# CausalPy + maketables Integration Demo

This notebook demonstrates how CausalPy experiments integrate with the `maketables` library for generating publication-ready coefficient tables.

CausalPy implements the zero-coupling plug-in format (`__maketables_coef_table__`, etc.), which maketables automatically detects - no registration needed!

In [None]:
# /// script
# requires-python = ">=3.11"
# dependencies = [
#     "causalpy",
#     "scikit-learn",
#     "maketables @ git+https://github.com/py-econometrics/maketables.git@bbc5c80",
# ]
# ///

import warnings
warnings.filterwarnings('ignore')

import causalpy as cp
from sklearn.linear_model import LinearRegression
import pandas as pd

## 1. Difference-in-Differences with OLS

Let's start with a simple DiD example using OLS.

In [2]:
# Load the DiD dataset
df = cp.load_data("did")
df.head()

Unnamed: 0,group,t,unit,post_treatment,y
0,0,0.0,0,False,0.897122
1,0,1.0,0,True,1.961214
2,1,0.0,1,False,1.233525
3,1,1.0,1,True,2.752794
4,0,0.0,2,False,1.149207


In [3]:
# Fit DiD with OLS
did_ols = cp.DifferenceInDifferences(
    df,
    formula="y ~ 1 + group*post_treatment",
    time_variable_name="t",
    group_variable_name="group",
    model=LinearRegression(),
)

In [4]:
# Access the maketables coefficient table directly
did_ols.__maketables_coef_table__

Unnamed: 0_level_0,b,se,t,p,ci_lower,ci_upper
Coefficient,Unnamed: 1_level_1,Unnamed: 2_level_1,Unnamed: 3_level_1,Unnamed: 4_level_1,Unnamed: 5_level_1,Unnamed: 6_level_1
Intercept,1.07561,,,,,
post_treatment[T.True],0.9861,,,,,
group,0.162468,,,,,
group:post_treatment[T.True],0.504334,,,,,


## 2. Difference-in-Differences with PyMC (Bayesian)

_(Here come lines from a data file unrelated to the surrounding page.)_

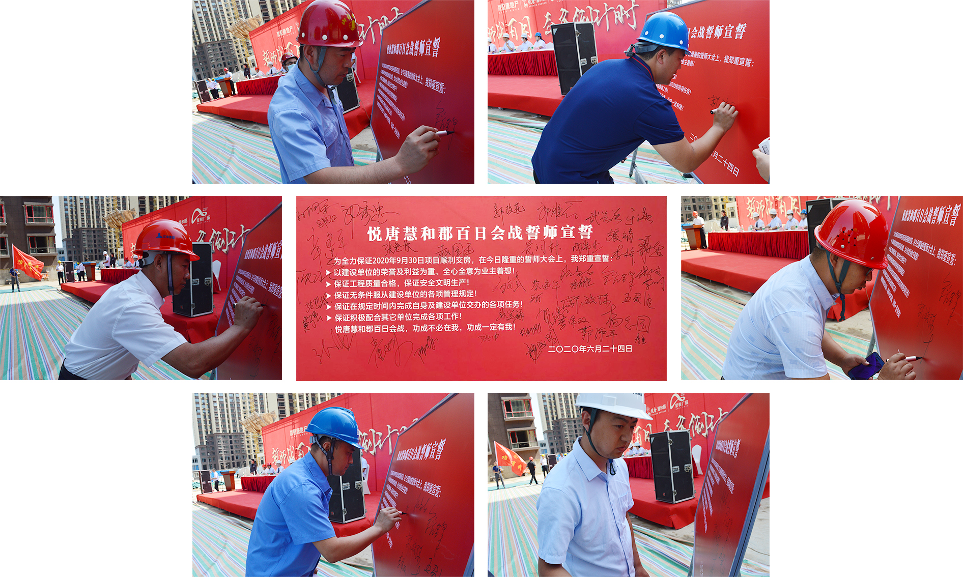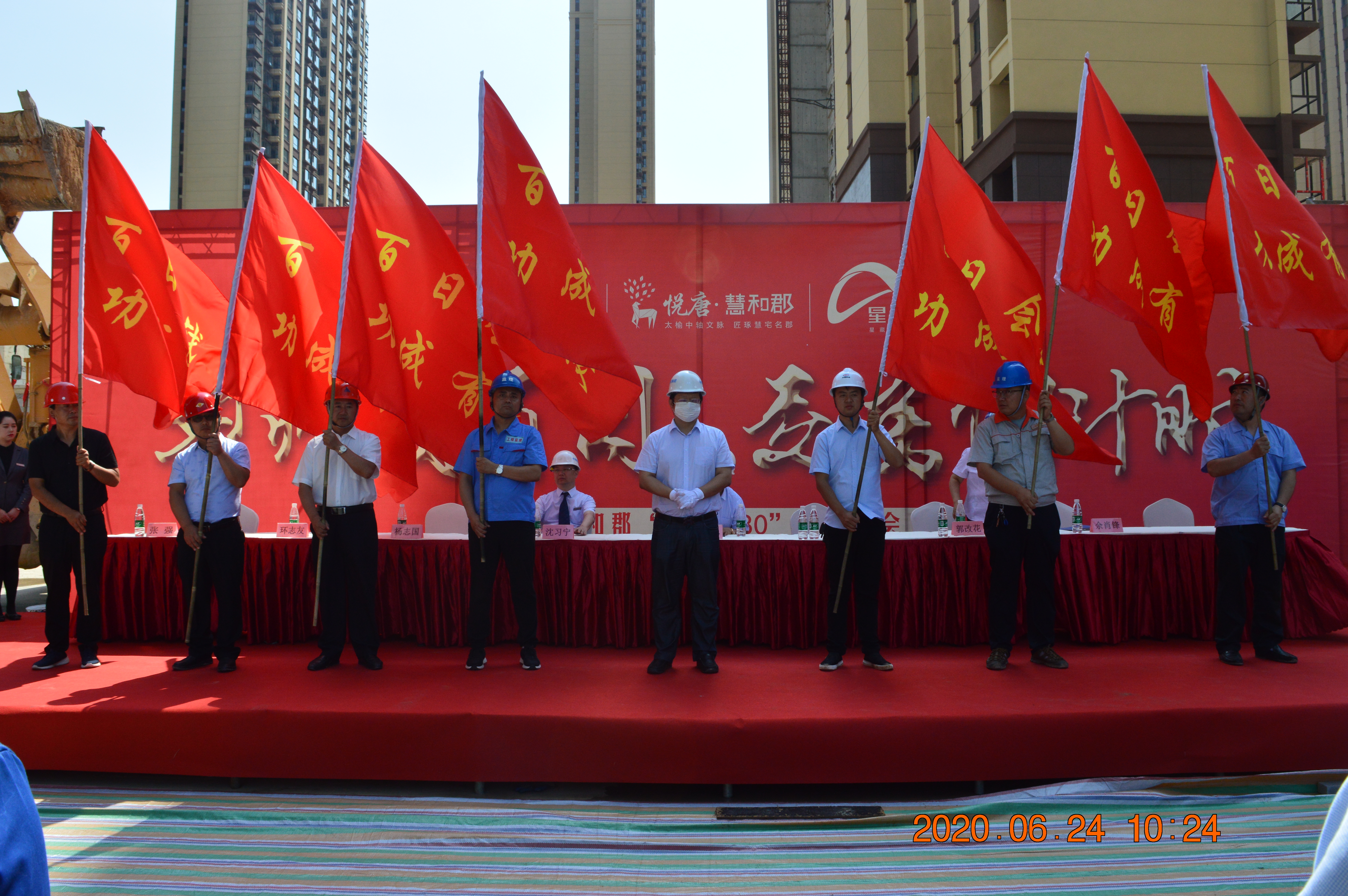 誓師戰(zhàn)百日,交房倒計(jì)時(shí)!為全力保證項(xiàng)目交房任務(wù)圓滿完成,嚴(yán)格兌現(xiàn)向廣大業(yè)主的承諾,2020年6月24日上午,山西悅唐房地產(chǎn)開發(fā)有限公司組織進(jìn)行“施工現(xiàn)場觀摩檢查暨工程百日會(huì)戰(zhàn)誓師大會(huì)”。中維控股集團(tuán)董事長郭秀忠先生、總裁郭雅磊先生,悅唐地產(chǎn)執(zhí)行總經(jīng)理郭改花女士、總工程師張強(qiáng)先生,以及項(xiàng)目各總包、監(jiān)理、分包單位負(fù)責(zé)人等主要領(lǐng)導(dǎo),中維控股集團(tuán)、各參建單位員工代表參與本次活動(dòng)。
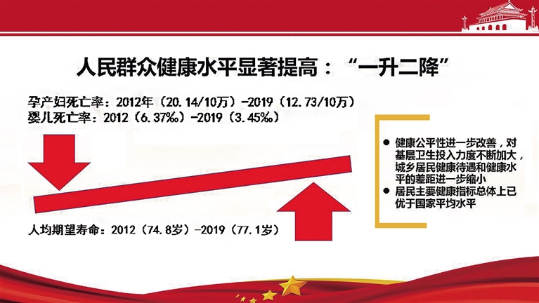 医疗服务效率和水平不断提升,推动38所医院胸痛中心、29所卒中中心建设,27所县级医院达到三级水平,平均住院日从2012年的9.62日下将到2019年的9.2日。
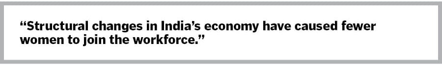 She argues against the long-accepted belief that socio-cultural norms have led to the decline in female labour force participation in India over the last 20 years. “The norm that women are responsible for household chores is a factor in explaining India’s low female labour force participation rate [around 19 percent, compared to 56 percent and 61 percent in the US and China respectively], but it doesn’t explain the decline over the last two decades," she says.
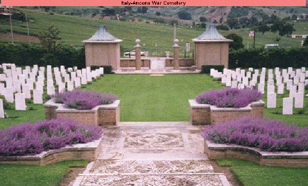 The ANCONA WAR CEMETERY is reached from the town by following the Varono-Camerano road up the hill past the Ancona Communal Cemetery on the left. Continuing straight down the hill for about 200 metres, visitors will find the War Cemetery on the right.
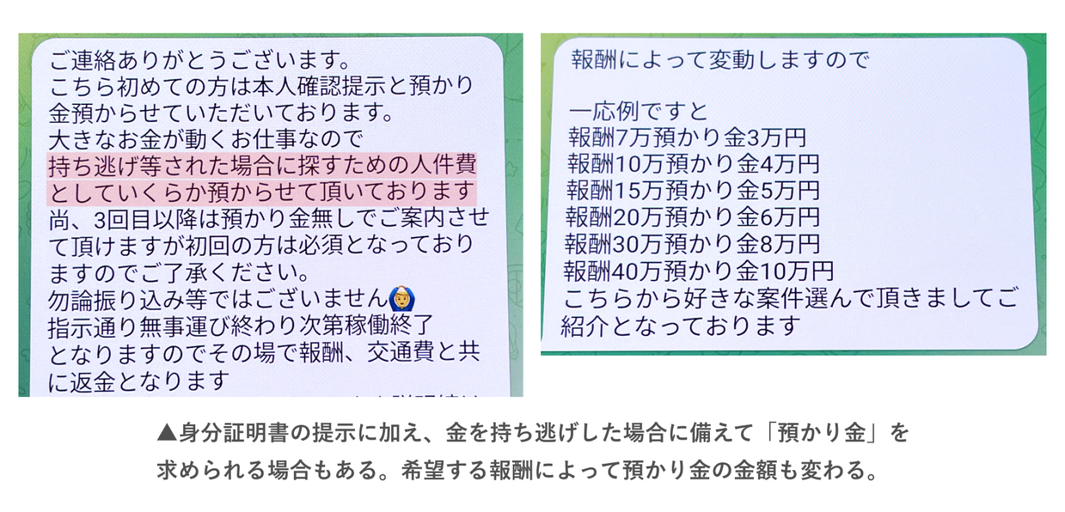 面接代わりに身分証の提示、持ち逃げした時のための預かり金… 逃げられないリスク
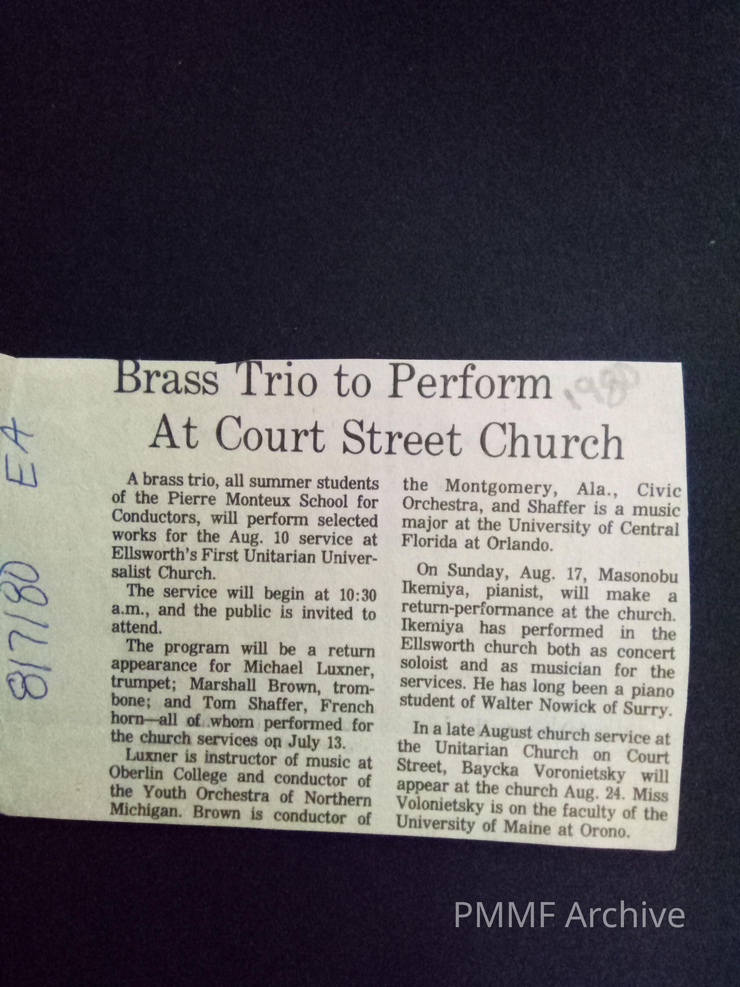 Brass trio (Michael Luxner, Marshall Brown, & Tom Shaffer) [Ellsworth American 8/7/80]
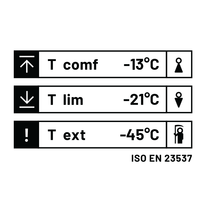 | TEPLOTY | -13°C, -21°C, -45°C (ISO EN 23537) |
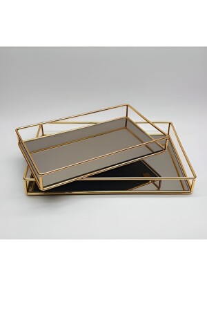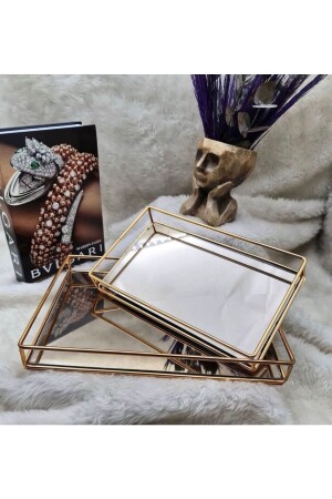 MNZ-Tray مستطيل الذهب مجموعة من 2 كروم تفصيلية مرآة وعد العرض الصفوفة مجموعة الصفوفة
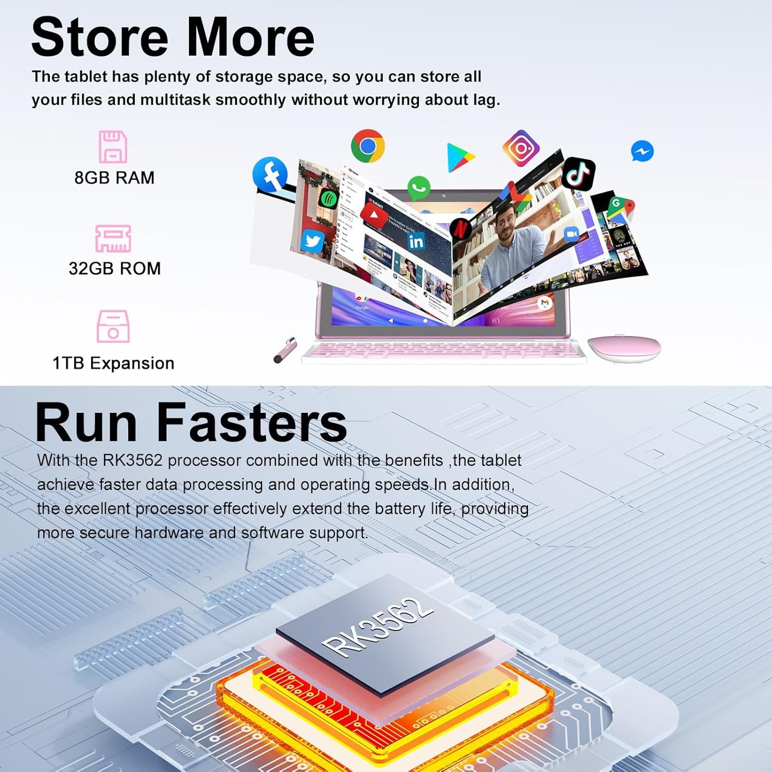 Seja o primeiro a avaliar “Tablet Android 15, tablets de 10 polegadas, 8 GB de RAM + 32 GB de ROM/2 TB expansível, tablets 2 em 1 com capa para teclado, tela IPS 1280 x 800, 5G Wi-Fi6, câmera dupla, bateria de 6000 mAh BT5”
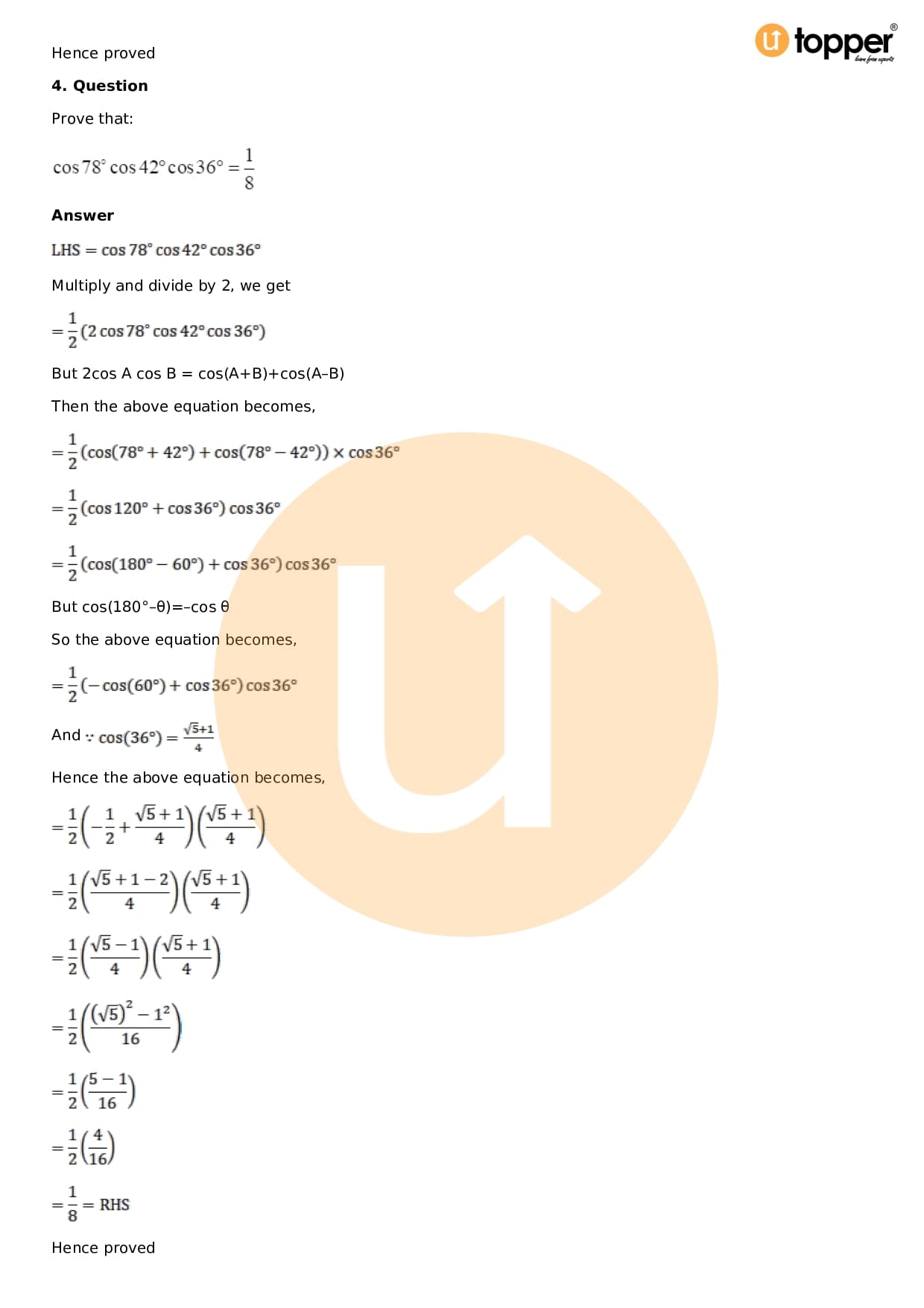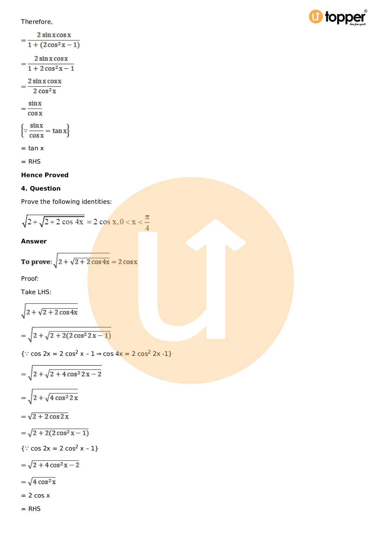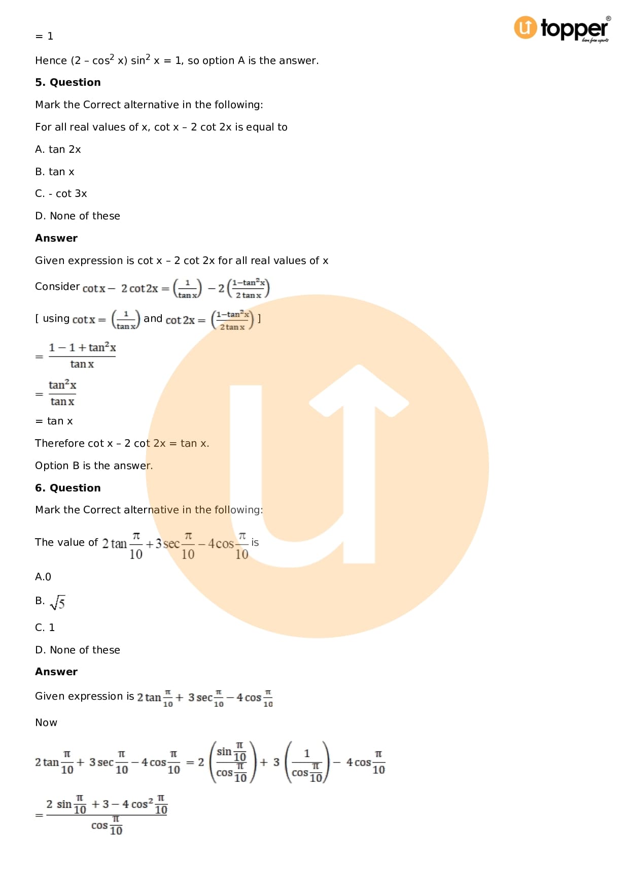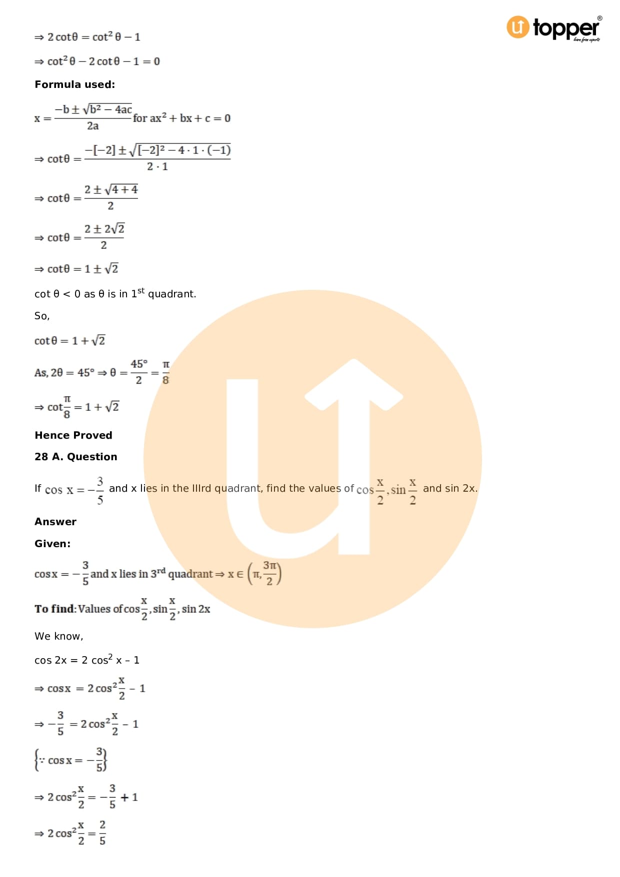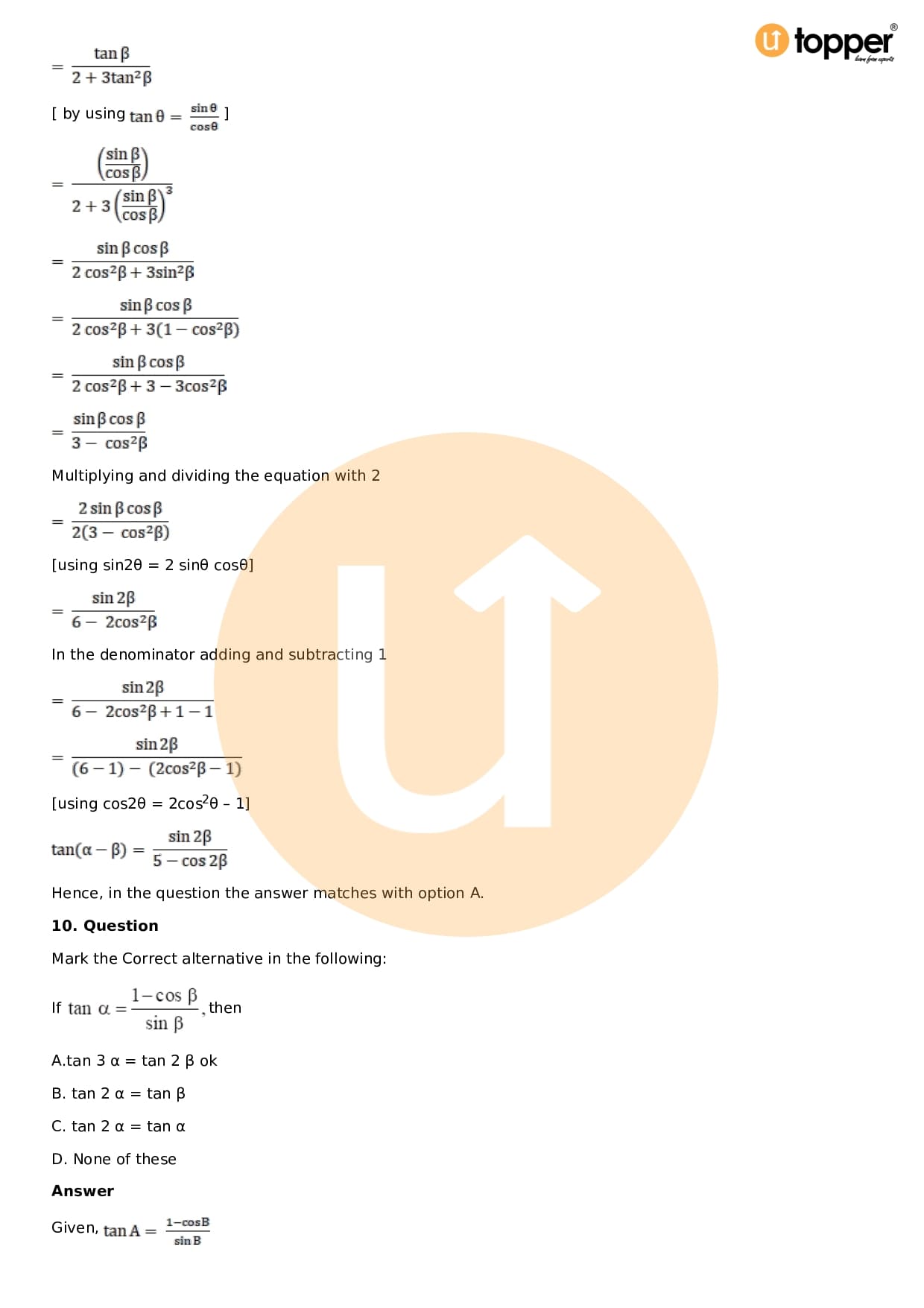 - Chapter 9 – Trigonometric Ratios of Multiple and Submultiple Angles

Now let's run the same analysis with a Bayesian model.

In [5]:
# Fit DiD with PyMC (Bayesian)
sample_kwargs = {"tune": 500, "draws": 500, "chains": 2, "cores": 2, "progressbar": True}

did_pymc = cp.DifferenceInDifferences(
    df,
    formula="y ~ 1 + group*post_treatment",
    time_variable_name="t",
    group_variable_name="group",
    model=cp.pymc_models.LinearRegression(sample_kwargs=sample_kwargs),
)

Initializing NUTS using jitter+adapt_diag...
Multiprocess sampling (2 chains in 2 jobs)
NUTS: [beta, y_hat_sigma]


Output()

Sampling 2 chains for 500 tune and 500 draw iterations (1_000 + 1_000 draws total) took 0 seconds.
We recommend running at least 4 chains for robust computation of convergence diagnostics
Sampling: [beta, y_hat, y_hat_sigma]
Sampling: [y_hat]
Sampling: [y_hat]
Sampling: [y_hat]
Sampling: [y_hat]


In [6]:
# Access the maketables coefficient table - now with full Bayesian statistics!
did_pymc.__maketables_coef_table__

Unnamed: 0_level_0,b,se,t,p,ci_lower,ci_upper
Coefficient,Unnamed: 1_level_1,Unnamed: 2_level_1,Unnamed: 3_level_1,Unnamed: 4_level_1,Unnamed: 5_level_1,Unnamed: 6_level_1
Intercept,1.073705,0.025931,,0.0,1.020986,1.117792
post_treatment[T.True],0.989181,0.036796,,0.0,0.926604,1.059406
group,0.165089,0.036445,,0.0,0.096214,0.231315
group:post_treatment[T.True],0.500077,0.050361,,0.0,0.404518,0.594181


### Understanding the Bayesian Coefficient Table

For Bayesian models, the columns represent:
- **b**: Posterior mean (point estimate)
- **se**: Posterior standard deviation (uncertainty)
- **t**: None (not applicable for Bayesian inference)
- **p**: Two-tailed posterior probability: `min(P(β>0), P(β<0)) * 2`
- **ci_lower/ci_upper**: 94% Highest Density Interval (HDI) bounds

## 3. Other maketables Attributes

CausalPy experiments also provide other maketables-compatible attributes.

In [7]:
# Get statistics
print("Sample size (N):", did_pymc.__maketables_stat__("N"))
print("Model type:", did_pymc.__maketables_stat__("model_type"))
print("Experiment type:", did_pymc.__maketables_stat__("experiment_type"))

Sample size (N): 40
Model type: PyMC
Experiment type: Difference in Differences


In [8]:
# Get dependent variable name
print("Dependent variable:", did_pymc.__maketables_depvar__)

Dependent variable: y


In [9]:
# Get variance-covariance info
print("VCov info:", did_pymc.__maketables_vcov_info__)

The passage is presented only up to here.